=== AVAILABLE RECORDS ===

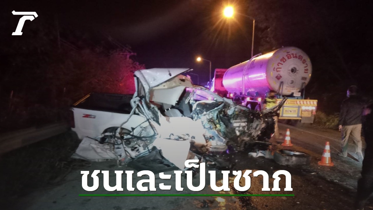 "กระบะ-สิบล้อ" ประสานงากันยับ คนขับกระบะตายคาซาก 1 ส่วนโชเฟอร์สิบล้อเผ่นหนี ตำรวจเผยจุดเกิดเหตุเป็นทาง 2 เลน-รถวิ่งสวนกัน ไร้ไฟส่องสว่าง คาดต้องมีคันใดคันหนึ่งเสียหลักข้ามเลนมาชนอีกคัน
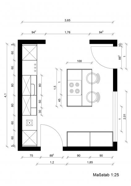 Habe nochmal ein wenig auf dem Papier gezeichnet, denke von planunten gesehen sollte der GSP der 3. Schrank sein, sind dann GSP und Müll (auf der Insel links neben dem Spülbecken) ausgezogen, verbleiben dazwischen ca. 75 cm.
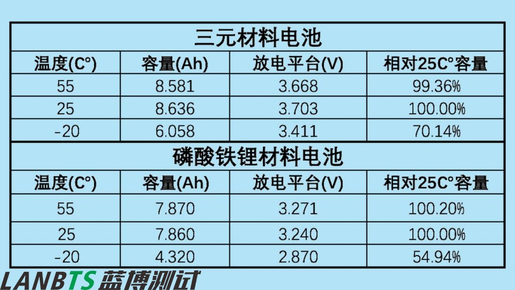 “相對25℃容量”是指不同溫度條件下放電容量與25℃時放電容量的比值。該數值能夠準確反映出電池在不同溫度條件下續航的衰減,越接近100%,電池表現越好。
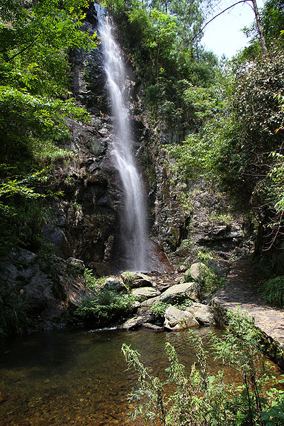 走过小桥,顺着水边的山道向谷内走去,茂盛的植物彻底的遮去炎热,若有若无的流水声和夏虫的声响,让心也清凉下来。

===
=== AVAILABLE RECORDS ===

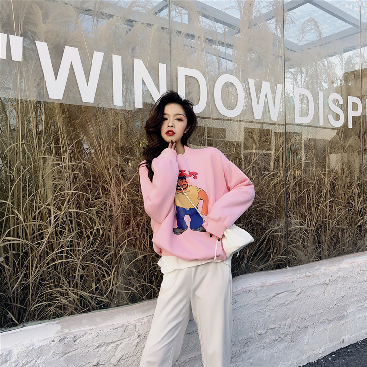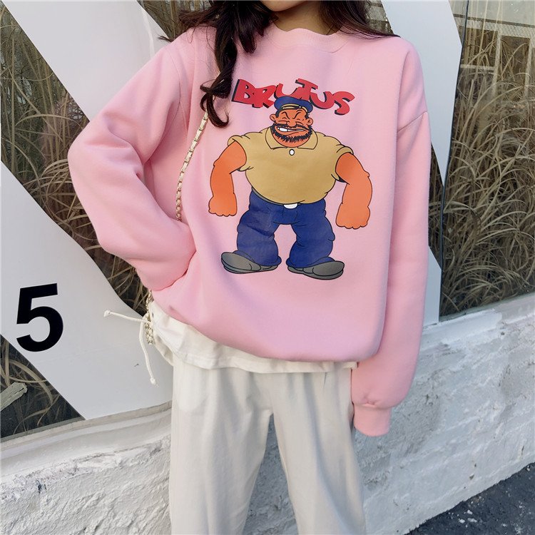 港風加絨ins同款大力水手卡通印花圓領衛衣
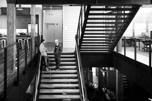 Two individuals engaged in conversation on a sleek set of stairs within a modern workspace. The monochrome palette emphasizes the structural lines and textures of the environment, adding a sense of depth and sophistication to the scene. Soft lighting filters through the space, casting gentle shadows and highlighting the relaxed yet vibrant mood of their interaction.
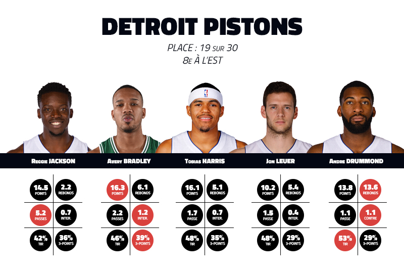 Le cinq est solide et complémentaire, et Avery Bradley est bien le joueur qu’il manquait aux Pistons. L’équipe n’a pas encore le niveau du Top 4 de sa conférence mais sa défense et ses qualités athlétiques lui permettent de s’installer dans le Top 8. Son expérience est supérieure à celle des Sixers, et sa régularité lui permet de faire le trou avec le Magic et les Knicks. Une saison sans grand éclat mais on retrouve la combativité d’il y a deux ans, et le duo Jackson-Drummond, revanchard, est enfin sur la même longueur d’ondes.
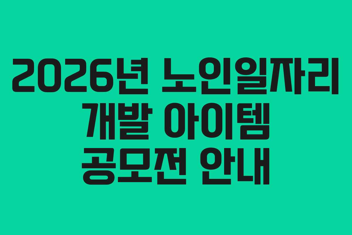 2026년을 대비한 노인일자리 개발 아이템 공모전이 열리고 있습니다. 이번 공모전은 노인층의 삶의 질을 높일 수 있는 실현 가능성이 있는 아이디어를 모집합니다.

===

> **EXERCISE DETAILS**:
Only one stretch of the listing is wanted: the lines starting at the one with "ประสานงากันยับ คนขับกระบะตายคาซาก 1" and ending at the one with "走过小桥,顺着水边的山道向谷", copied exactly and free of pictures.

> **RESULT OF THIS TASK**:
 "กระบะ-สิบล้อ" ประสานงากันยับ คนขับกระบะตายคาซาก 1 ส่วนโชเฟอร์สิบล้อเผ่นหนี ตำรวจเผยจุดเกิดเหตุเป็นทาง 2 เลน-รถวิ่งสวนกัน ไร้ไฟส่องสว่าง คาดต้องมีคันใดคันหนึ่งเสียหลักข้ามเลนมาชนอีกคัน
 Habe nochmal ein wenig auf dem Papier gezeichnet, denke von planunten gesehen sollte der GSP der 3. Schrank sein, sind dann GSP und Müll (auf der Insel links neben dem Spülbecken) ausgezogen, verbleiben dazwischen ca. 75 cm.
 “相對25℃容量”是指不同溫度條件下放電容量與25℃時放電容量的比值。該數值能夠準確反映出電池在不同溫度條件下續航的衰減,越接近100%,電池表現越好。
 走过小桥,顺着水边的山道向谷内走去,茂盛的植物彻底的遮去炎热,若有若无的流水声和夏虫的声响,让心也清凉下来。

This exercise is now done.